Can you tell I’m not a fan of the cold? One thing that makes the darker months more bearable is filling up your house with the smell of a simmering soup.
I absolutely love lentils and one of my favorite things to do with them is make a lentil and vegetable soup. Lentils are full of protein, vitamins and minerals. They’re a super easy way to get protein as a vegan.
❤️ Why you'll love this lentil soup
- Healthy and full of fiber, protein and nutrients since it's packed with vegetables and lentils
- Makes an easy one pot weeknight dinner.
- Meal prep a big batch to have for lunch all week.
- Freezes well, so save any leftovers for a rainy day.
- Naturally gluten free, vegan and vegetarian
Fun fact, lentils are one of the oldest health foods and have been around since 8000 BC. They originated in the Middle East. Makes me love these little majestic legumes even more!
🧂 Ingredients
- Lentils - Brown or green lentils work best in this recipe. No need to pre soak them. If you use red lentils, the flavor and texture will change, since red lentils are a bit sweeter and don't take as much time to cook.
- Celery - make sure to chop them up to the same size as the carrots and potatoes, so you can easily get each different vegetable on your spoon at once.
- Potatoes - I like to peel them, because I don't like the texture of the peel, but feel free to keep them unpeeled.
- Onions and garlic
- Italian seasoning - instead of using a bunch of different seasonings, I like to get the Italian seasoning blend to make it easier.
- Vegetable broth or bouillon cubes
- Canned tomatoes - fire roasted tomatoes taste amazing in this recipe.
- Kale
- Carrots - peel then chop them up about the same size as the potatoes, and celery.
- Lemon - top with a squeeze of lemon to bring everything together.
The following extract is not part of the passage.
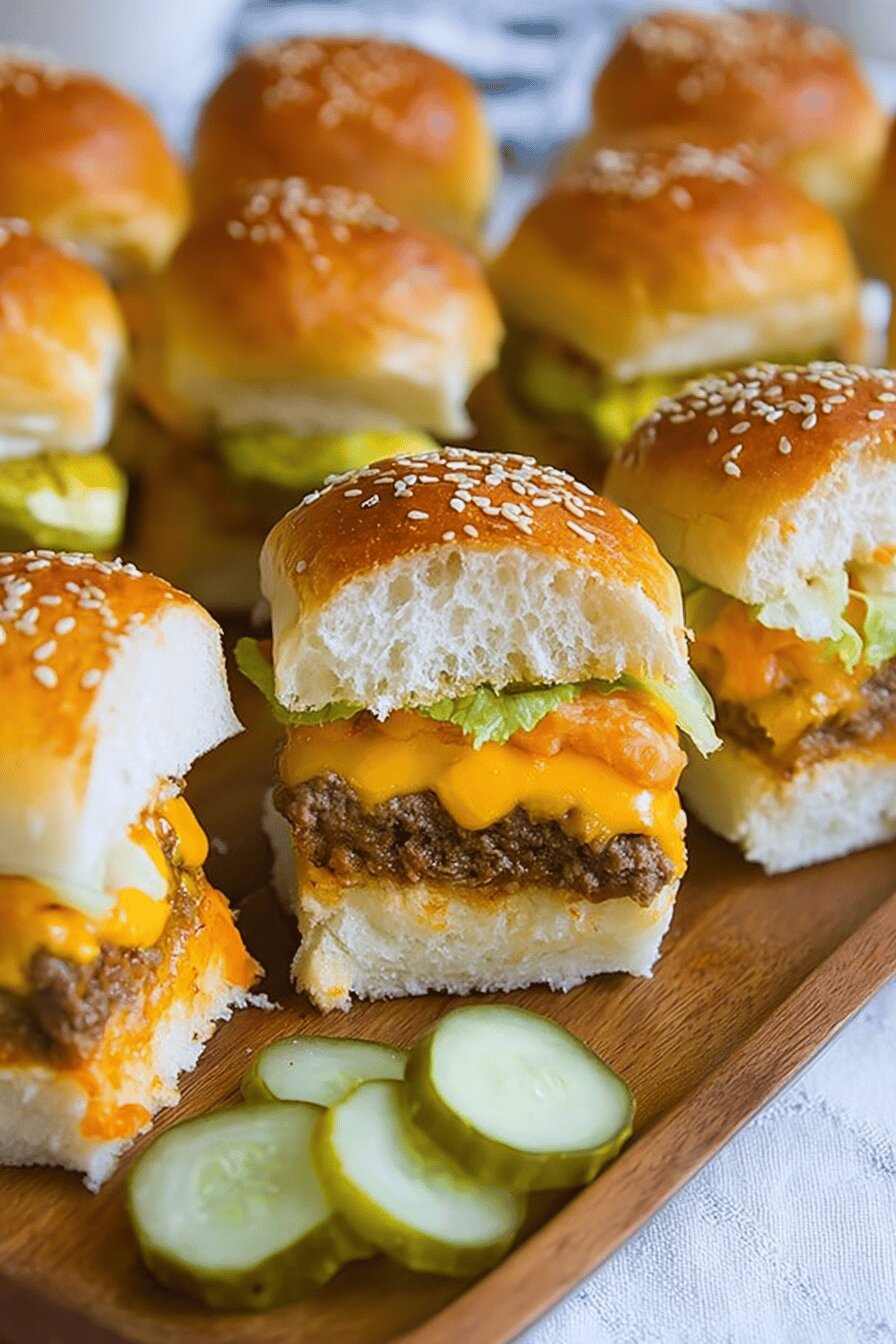 Pequenos lanches inspirados no clássico Big Mac, feitos com carne moída usada na medida certa, molho com um toque diferente e pão tipo brioche para dar uma textura mais macia e levemente adocicada. Ajustei as quantidades dos temperos para dar mais equilíbrio entre sal e especiarias. O preparo foca no ponto exato da carne e na montagem rápida para não deixar o pão encharcar. Perfeito para festas e reuniões, traz um aroma intenso de carne e molho que mingua na cozinha puxada para o cheiro de alho e cebola. O uso de cheddar ao invés de queijo americano dá um toque irregular e saboroso, com presença mais forte. Servem 12 mini sanduíches.

The acid from the lemon balances out all of the flavors
👩🍳 Expert tips
Chop up all of the vegetables about the same size. I like to be able to have multiple vegetables plus the lentils in one bite. If you chop anything too large, you might get a big mouthful of just carrot or potato
This recipe can be made in an instant pot or on the stove. Directions for both are in the recipe card below.
🔪 Directions
Make sure to scroll to the recipe card for full step-by-step instructions.
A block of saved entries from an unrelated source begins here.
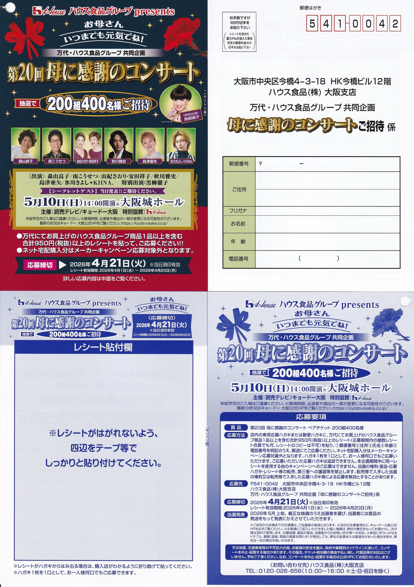 万代×ハウス食品グループのクローズド懸賞「第20回 母に感謝のコンサートご招待」キャンペーンのご紹介です。
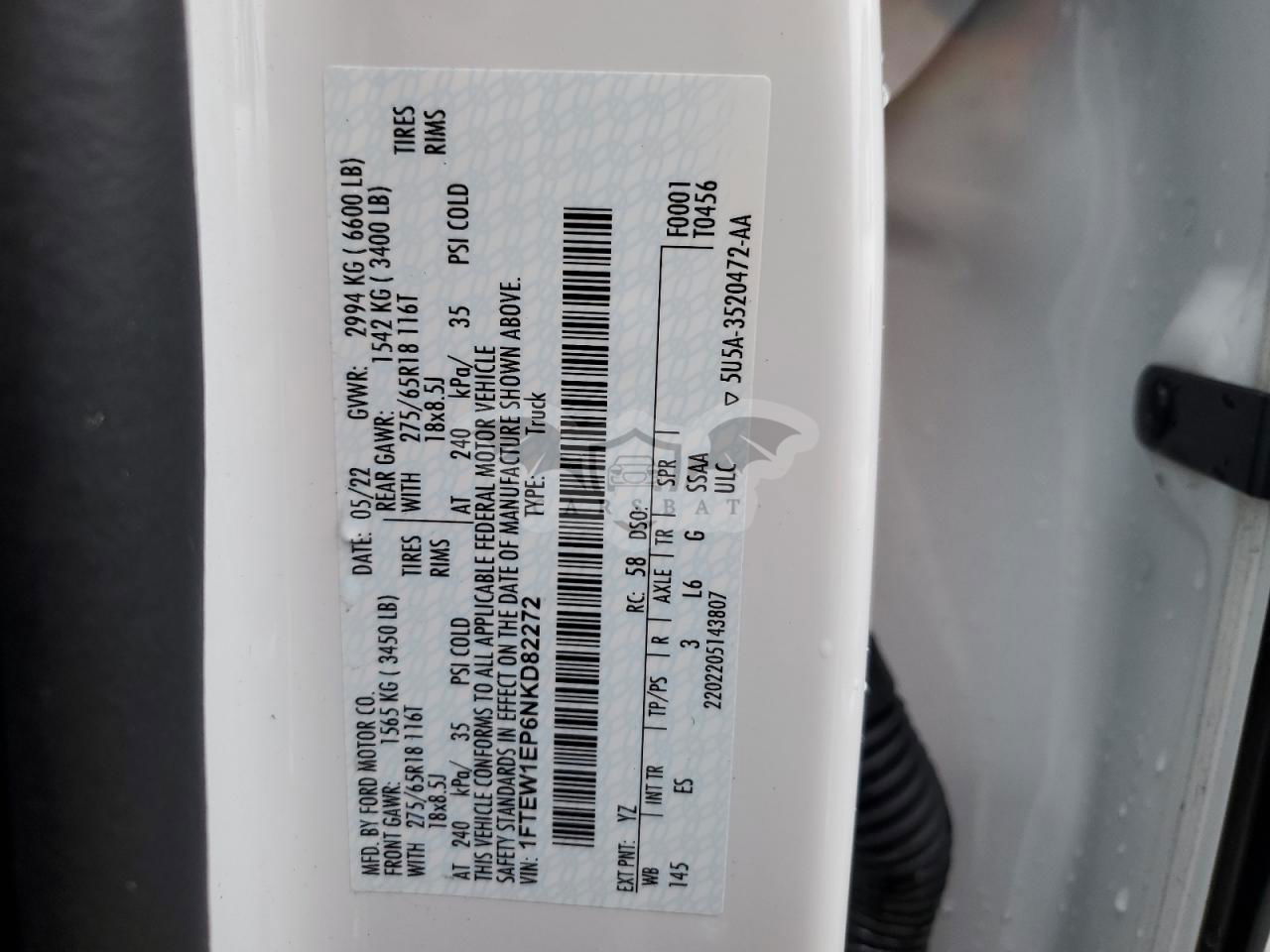 • VIN: 1FTEW1EP6NKD82272
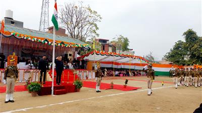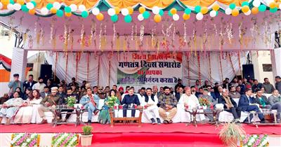 ऊना, 26 जनवरी। भारत के 77वें गणतंत्र दिवस पर ऊना जिला की धरती देश भक्ति गीतों से गूंज उठी। इस उपलक्ष्य पर राजकीय बाल वरिष्ठ माध्यमिक पाठशाला ऊना के मैदान में आयोजित जिला स्तरीय समारोह में तकनीकी शिक्षा एवं नगर एवं ग्राम नियोजन मंत्री राजेश धर्माणी ने राष्ट्रीय ध्वज फहराया। इस दौरान उन्होंने पुलिस व होमगार्ड की महिला तथा पुरुष टुकड़ियों और एनसीसी, एनएसएस, प्रशिक्षित आपदा मित्र, स्काउट्स एंड गाइड्स के कैडेट्स द्वारा निकाले गए आकर्षक मार्च पास्ट की सलामी ली।

- Add oil to a large pot on medium heat, then sauté the onions.
- Add the chopped potato, carrots and celery. Sauté for 5 minutes.
- Add the chopped garlic and seasonings and sauté.
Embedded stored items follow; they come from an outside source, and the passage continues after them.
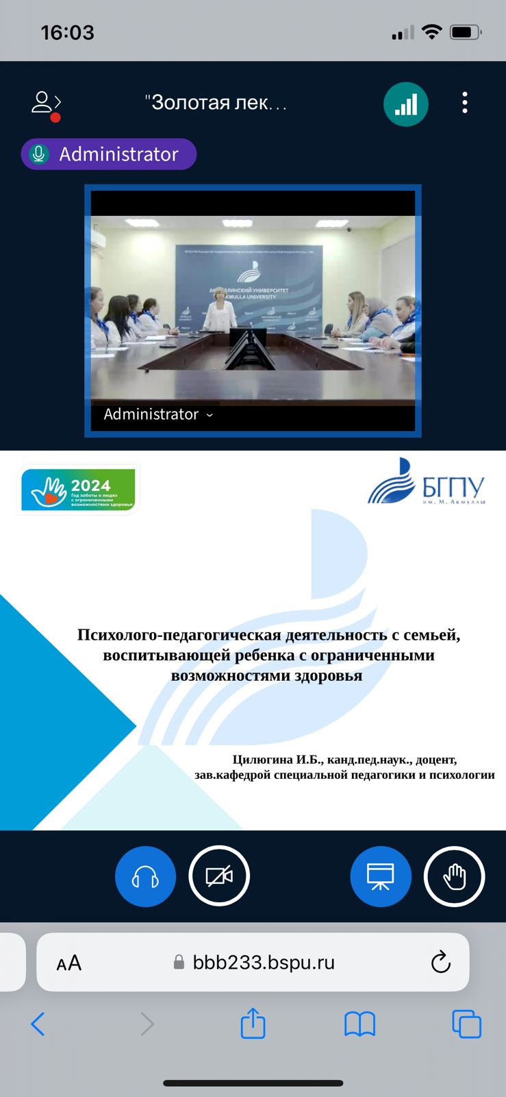 В рамках реализации международного просветительского онлайн проекта «Золотая лекция» профессорско-преподавательского состава вузов-партнеров Содружества Независимых Государств, проводимого под эгидой Общественного совета МПГУ по подготовке педагогических кадров государств-участников стран СНГ, канд.пед.наук, доцент, зав.кафедрой специальной педагогики и психологии Башкирского государственного педагогического университета имени М.Акмуллы Цилюгина И.Б. провела лекцию на тему: «Психолого-педагогическая деятельность с семьей, воспитывающей ребенка с ограниченными возможностями здоровья». Ирина Борисовна осветила трудности и проблемы, испытываемые семьей, воспитывающей ребенка с ограниченными возможностями здоровья, вместе со студентами группы ППОСП-41-21 выявила потребности такой семьи, как источник отбора содержания психолого-педагогической деятельности, уточнила методы диагностики, используемые специалистами в психолого-педагогической работе с семьей, воспитывающей ребенка с ограниченными возможностями здоровья, а также осветила опыт Республики Башкортостан и Акмуллинского университета по психолого-педагогической деятельность с семьей, воспитывающей ребенка с ограниченными возможностями здоровья.
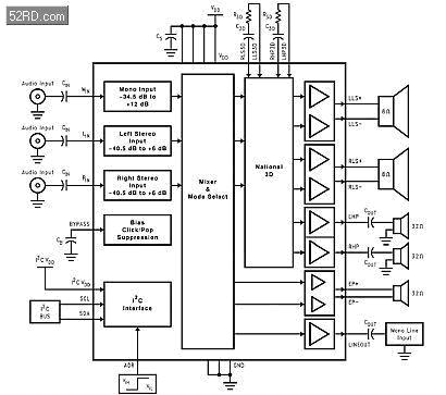 ●后級放大器:包括一立體聲揚聲器(喇叭)驅動器,一立體聲耳機驅動器,一單聲道耳機放大器(earpiece),和一用于免持聽筒之線路輸出(lineout),例如汽車的免持聽筒電話輸出。
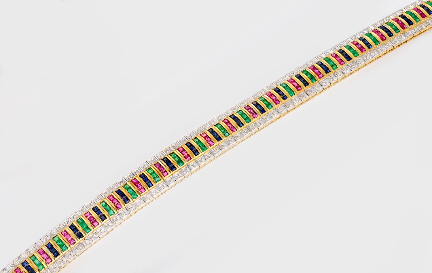 Gelbgold, gest. 585. Schauseitig besetzt mit Smaragden, Saphiren und Rubinen von zus. ca. 7,86 ct. im Carréeschliff, gerahmt von Diamanten von zus. ca. 0,76 ct.; Gew. ca. 34,48 g.
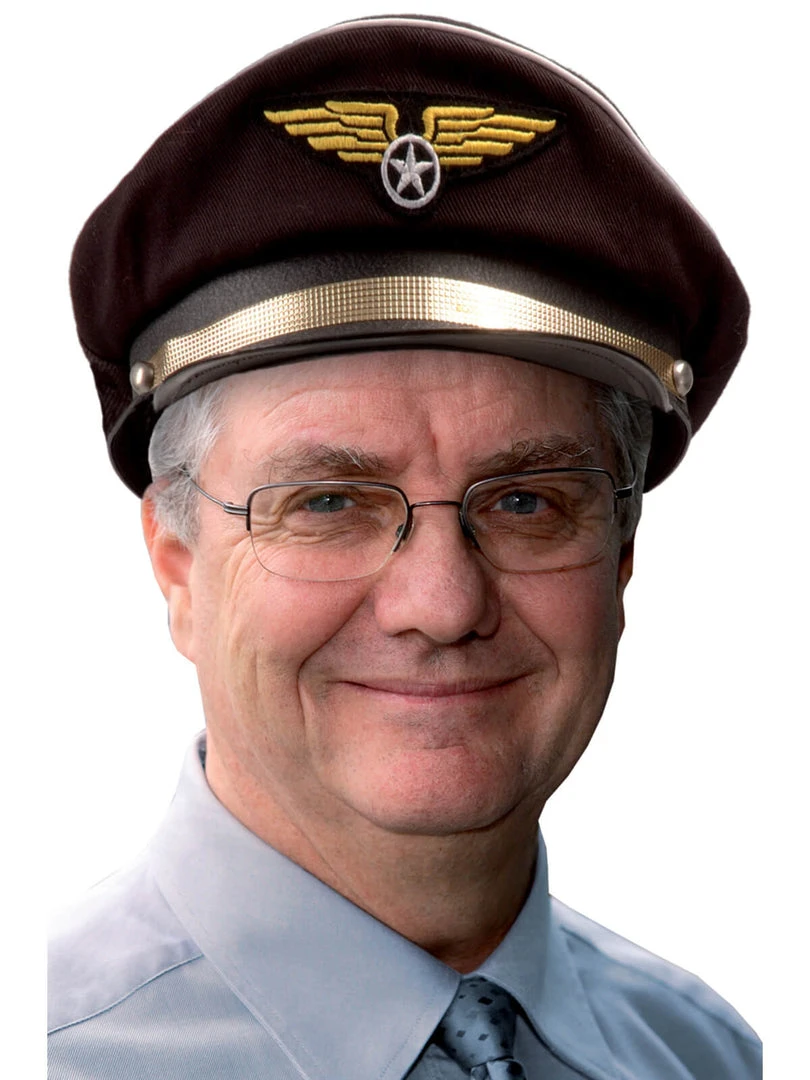 Come Fly With Me in this adult Pilot Hat. Black with gold trimming and applique.
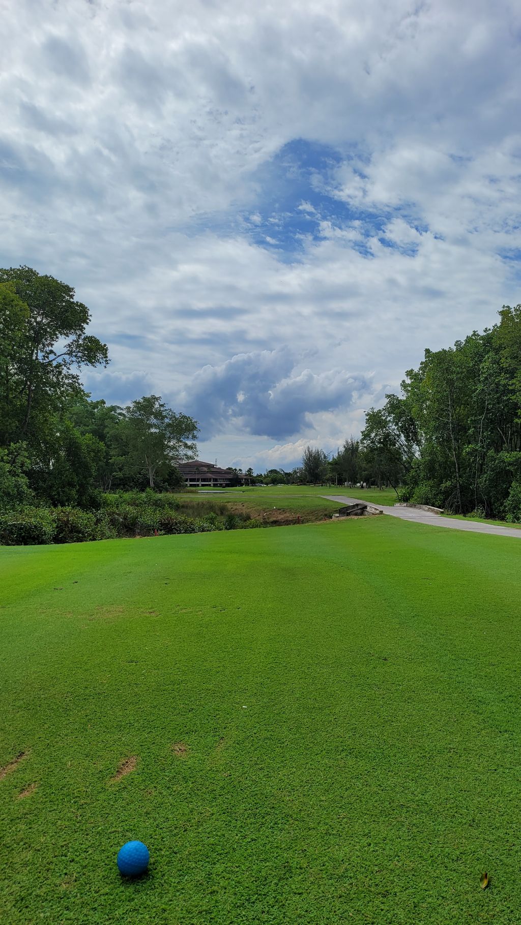 9번홀 페어웨이에서본 클럽하우스 전경.
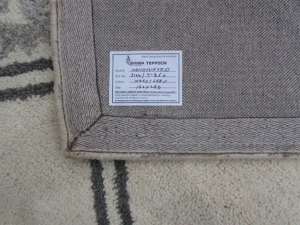 Teppich 100% Wolle Grau Béžová 160X230 cm Handarbeit Handgetuftet T860
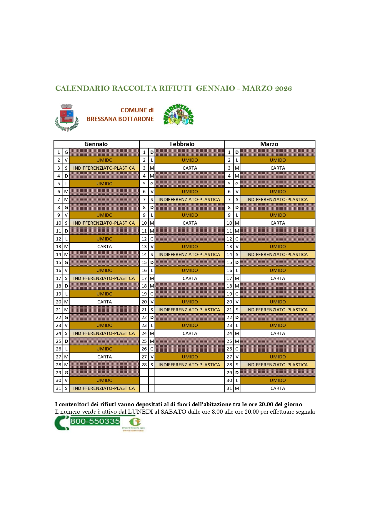 Calendario raccolta rifiuti - Gennaio-Marzo 2026

- Add the can of tomatoes and cook for 5 minutes to get the tinny flavor out of the tomatoes
- Add the lentils, stirring everything together, then add vegetable broth and bay leaves. Stir well. Cover with a lid and bring soup to a boil. Once it's boiling, turn heat to medium low and keep it on a low simmer, with the lid on1 bay leaf,1 cup brown lentils,6 cups vegetable broth
- Simmer for 30-35 minutes, or until lentils are soft. Add a splash of water if needed.
- With an immersion blender, blend the soup for 10 seconds to make it a little more creamy. If you don't have an immersion blender, take a cup of the soup out, add it to a blender, then add the blended soup back to the instant pot.
- Add the chopped kale and let it sit in the soup for a minute or so or until it's wilted and slightly cooked. Stir in the juice of half a lemon and salt to taste
🥄 Variations
This soup would taste amazing with some curry powder, instead of Italian seasoning. Add a little smoked paprika as well.
Feel free to add in any vegetables that you may have on hand. Pretty much all vegetables go well in this soup.
♨️ Serving suggestions
Serve this delicious soup with a salad, like this couscous salad, or a delicious air fryer baked potato. This also goes well with a sandwich, like this tempeh BLT sandwich, or this chickpea salad sandwich.
Top this with some homemade or store bought vegan ricotta cheese, or parmesan cheese.
❓ FAQ's
Yes! This freezes beautifully. I love making a gigantic batch of this soup and freezing it for the days I don’t feel like cooking
Lentils don't need to be soaked before cooking, since they cook faster than other dried beans. You do need to sort through and rinse them before cooking, to wash away any debris and pick out any tiny pebbles or sticks that may be in the bag.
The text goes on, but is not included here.